El hombre desgarbado se lleva las manos a la cara. Su cuerpo entero se agita violentamente sacudido por los sollozos. Su cara de pájaro derrama mocos y lágrimas.

Yo retrocedo a la puerta de la cabina. El marco me sirve de apoyo. No sé cómo me siento; solo que me siento distinto. Cambiado, de algún modo.

Me fijo en que está oscureciendo. Se eleva humo de la ciudad. Se me ocurre una idea práctica. Tenemos que salir de aquí antes de que suceda algo peor.

Arrtrad se dirige a mí entre sollozos. Me agarra por el brazo, con las manos húmedas de las lágrimas, el agua del río y el fango de las amarras.

—¿Sabías que pasaría esto?

—Deja de llorar —le espeto.

—¿Por qué? ¿Por qué no se lo has dicho a nadie? ¿Y tu madre?

—¿Qué pasa con ella?

—¿No se lo has dicho a tu madre?

—Ella estará bien.

—No está bien. Nada está bien. Tú solo tienes diecisiete años, pero yo tengo hijos. Dos hijos. Y podrían estar heridos.

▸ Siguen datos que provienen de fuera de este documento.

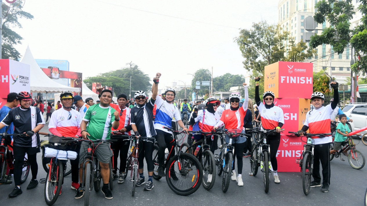 Medan,tvOnenews.com - Panitia Besar (PB) Pekan Olahraga Nasional (PON) XXI Wilayah Sumatera Utara (Sumut) bersama Dewan Perwakilan Rakyat Daerah (DPRD) Sumut menggelar Funbike untuk menyosialisasikan Pekan Olahraga Nasional (PON) XXI Aceh-Sumut pada masyarakat.

—¿Cómo es que no los he visto nunca?

—Están con mi ex, pero podría haberles advertido. Podría haberles dicho lo que se avecinaba. La gente está muerta. Muerta, Lurker. Eso de ahí era una familia. Había un puto niño en ese coche. Solo era una criatura. Dios mío. ¿Qué te pasa, colega?

—No pasa nada. Deja de llorar. Todo es parte del plan, ¿sabes? Si tuvieras algo de cerebro, lo entenderías, pero no lo tienes. Así que hazme caso.

—Sí, pero…

—Hazme caso y no nos ocurrirá nada. Vamos a ayudar a esas personas. Vamos a encontrar a tus hijos.

—Eso es imposible…

Entonces me detengo en seco. Estoy empezando a enfadarme un poco. Parte de mi antiguo ardor está regresando para reemplazar el aturdimiento.

—¿Qué te he dicho de eso?

—Lo siento, Lurker.

—Nada es imposible.

—Pero ¿cómo vamos a hacerlo? ¿Cómo podemos encontrar a mis hijos?

—Hemos sobrevivido por un motivo, Arrtrad. Ese monstruo. Esa cosa. Ha jugado sus cartas. Está usando las máquinas para hacer daño a la gente, pero nosotros somos espabilados. Podemos ayudar. Salvaremos a todos esos pobres corderos de ahí fuera. Los salvaremos y nos darán las gracias. Nos adorarán. Saldremos ganando. Todo es parte del plan, colega.

Arrtrad aparta la vista.

Es evidente que no se cree una palabra. Parece que tenga algo que decir.

—¿Qué? Adelante —digo.

—Perdona, pero nunca me has parecido alguien a quien le guste ayudar. No me malinterpretes…

De eso se trata, ¿no? Nunca he pensado mucho en los demás. O no he pensado nada en ellos. Pero esas palmas pálidas contra la ventana… No puedo dejar de pensar en ellas. Tengo la sensación de que me acompañarán mucho tiempo.

—Sí, ya lo sé —digo—. Pero no has visto mi parte compasiva. Todo es parte del plan, Arrtrad. Tienes que confiar en mí. Ya verás. Hemos sobrevivido. Tiene que haber sido por un motivo. Ahora tú y yo tenemos un objetivo. Somos nosotros contra esa cosa. Y vamos a vengarnos. Así que levanta y únete a la lucha.

Tiendo la mano a Arrtrad.

—¿Sí? —pregunta él.

Sigue sin creerme del todo, pero yo estoy empezando a confiar en mí mismo. Tomo su mano entre la mía y lo levanto de un tirón.

—Sí, colega. Imagínatelo. Tú y yo contra el mismísimo diablo. A muerte. Hasta el final. Algún día apareceremos en los libros de historia. Te lo garantizo.

Por lo visto, este suceso representó un punto de inflexión en la vida de Lurker. A medida que la Nueva Guerra empezaba a recrudecerse, parece que dejó atrás todas sus infantiles preocupaciones y comenzó a comportarse como un miembro de la raza humana. En posteriores registros, la arrogancia y la vanidad de Lurker se mantienen intactos, pero su impresionante egoísmo parece haber desaparecido junto con el coche plateado.